In an example, system 700 can be implemented using interconnected compute sleds of processors, memories, storages, network interfaces, and other components. High speed interconnects can be used such as: Ethernet (IEEE 802.3), remote direct memory access (RDMA), InfiniBand, Internet Wide Area RDMA Protocol (iWARP), Transmission Control Protocol (TCP), User Datagram Protocol (UDP), quick UDP Internet Connections (QUIC), RDMA over Converged Ethernet (ROCE), Peripheral Component Interconnect express (PCIe), Intel® QuickPath Interconnect (QPI), Intel® Ultra Path Interconnect (UPI), Intel® On-Chip System Fabric (IOSF), Omni-Path, Compute Express Link (CXL), HyperTransport, high-speed fabric, NVLink, Advanced Microcontroller Bus Architecture (AMBA) interconnect, OpenCAPI, Gen-Z, Infinity Fabric (IF), Cache Coherent Interconnect for Accelerators (CCIX), 3GPP Long Term Evolution (LTE) (4G), 3GPP 5G, and variations thereof. Data can be copied or stored to virtualized storage nodes or accessed using a protocol such as NVMe over Fabrics (NVMe-oF) or NVMe.
Components of examples described herein can be enclosed in one or more semiconductor packages. A semiconductor package can include metal, plastic, glass, and/or ceramic casing that encompass and provide communications within or among one or more semiconductor devices or integrated circuits. Various examples can be implemented in a die, in a package, or between multiple packages, in a server, or among multiple servers. A system in package (SiP) can include a package that encloses one or more of: a switch system on chip (SoC), one or more tiles, or other circuitry.
Communications between devices can take place using a network, interconnect, or circuitry that provides chipset-to-chipset communications, die-to-die communications, packet-based communications, communications over a device interface (e.g., PCIe, CXL, UPI, or others), fabric-based communications, and so forth. A die-to-die communications can be consistent with Embedded Multi-Die Interconnect Bridge (EMIB).

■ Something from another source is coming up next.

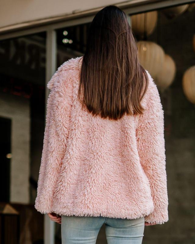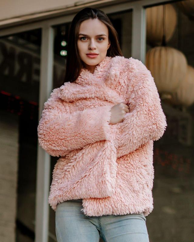 Розовый полушубок женский

Examples herein may be implemented in various types of computing and networking equipment, such as switches, routers, racks, and blade servers such as those employed in a data center and/or server farm environment. The servers used in data centers and server farms comprise arrayed server configurations such as rack-based servers or blade servers. These servers are interconnected in communication via various network provisions, such as partitioning sets of servers into Local Area Networks (LANs) with appropriate switching and routing facilities between the LANs to form a private Intranet. For example, cloud hosting facilities may typically employ large data centers with a multitude of servers. A blade comprises a separate computing platform that is configured to perform server-type functions, that is, a “server on a card.” Accordingly, a blade includes components common to conventional servers, including a main printed circuit board (main board) providing internal wiring (e.g., buses) for coupling appropriate integrated circuits (ICs) and other components mounted to the board.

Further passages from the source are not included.